First of all, as an ace married to an allo for 20 years, I'd like to give you some advice.

Communication must be a two-way street.

MAKE SURE that she is capable of and willing to speak up and communicate if she is feeling that she is particularly craving sexual contact, and won't just be stewing about it silently. She has to be mature enough to either take care of her needs on her own, and mature enough to speak up when she needs some participation from you. You both have better things to be doing with your time and energy than her waiting for you to suddenly become telepathic, and you worrying about whether or not she's silently miserable and playing martyr or thinking of finding greener pastures.

Invest in a nice 'toy' collection you are both comfortable with, that she can use solo or with your help. (EdenFantasys.com is a great site)

As soon as you can, negotiate with her to work out what your limits are. There might be some things you'd be willing to participate in, and other things that will be off the menu for you. Make sure that you are both accepting of what is or isn't on offer.

Don't force yourself to agree to things that are a turn-off for you. Yes, at times you may be bored out of your mind while she's having fun and you're wishing you could ask if she wouldn't mind if you did a crossword puzzle or something until everything's over with. Strong hint: Don't ask to do a crossword puzzle or read a book. That tends to not go over very well :D

Yes, you may be bored by some of the suggested proceedings, but if you can tolerate something that's different than being averse or repulsed.

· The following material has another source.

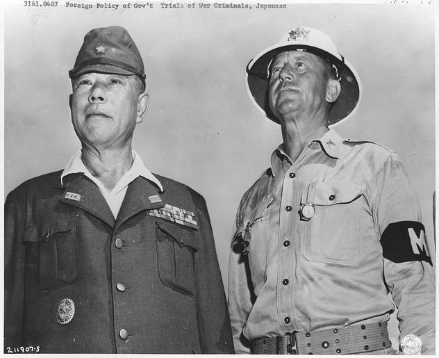 Keywords: Japanese War Crimes Trials. Manila - NARA - 292615.tif Scope and content YAMASHITA'S ARRAIGNMENT - Lt Gen Tomoyuki Yamashita the Tiger of Malaya is arraigned before the War Crimes Commission in Manila pleading not guilty He will be confined at New Bilibid Prison until his trial October 29 1945 in Manila Here Major Kenworthy Military Police prison officer delivers Gen Yamashita to the residence of the Philippine High Commissioner where Yamashita was held for arraignment in the first step of the war-crime trials to be held in the Pacific The arraignment was open to the public Yamashita was brought from his cell in New Bilibid Prison in an ambulance for security reasons General notes 292615 Local identifier Department of Defense Department of the Army Fort Leavenworth Kansas 09/18/1947 - NARA's Central Plains Region Kansas City NREA 400 West Pershing Road Kansas City MO 64108 other date circa 1945 1948 Record group Record Group 338 Records of U S Army Operational Tactical and Support Organizations World War II and Thereafter 1917 - 1999 Record group ARC 651 Ft Leavenworth Signal Corps Photograph Collection Equipment File compiled 1939 - 1965 Series ARC 292562 File unit File unit ARC Variant control numbers NAIL Control Number NRE-338-FTL EF -3161 15 yes Other versions <gallery> File Japanese_War_Crimes_Trials _Manila_-_NARA_-_292615 tif tif File Japanese_War_Crimes_Trials _Manila_-_NARA_-_292615 jpg jpg </gallery> NARA-cooperation PD-USGov Manila War Crimes Trials Tomoyuki Yamashita NARA TIF images with categorized JPGs |

If neither of you are touch-averse or repulsed, then hugs and cuddles are vital. V.I.T.A.L.!!! My husband's from Japan - spousal hugging is almost unheard of there. I was seriously touch-starved before he finally got it that this was a major thing for me. Now he constantly hugs me and we're both happier. He also speaks up if solo missions aren't doing it for him and he needs something more. I'm a bit sex-averse, but there are still things on the menu that I can do for and with him that he's satisfied with. We also tried experimenting beyond the vanilla spectrum and surprisingly we found some other ideas from that, that he enjoys.

I HIGHLY recommend the book "The Five Love Languages" by Gary Chapman. He writes that there are 5 main ways that people most usually feel comfy with giving or receiving love. Finding which one(s) may be your partner's favorite, or second favorite may be helpful, as an alternative to sexual contact.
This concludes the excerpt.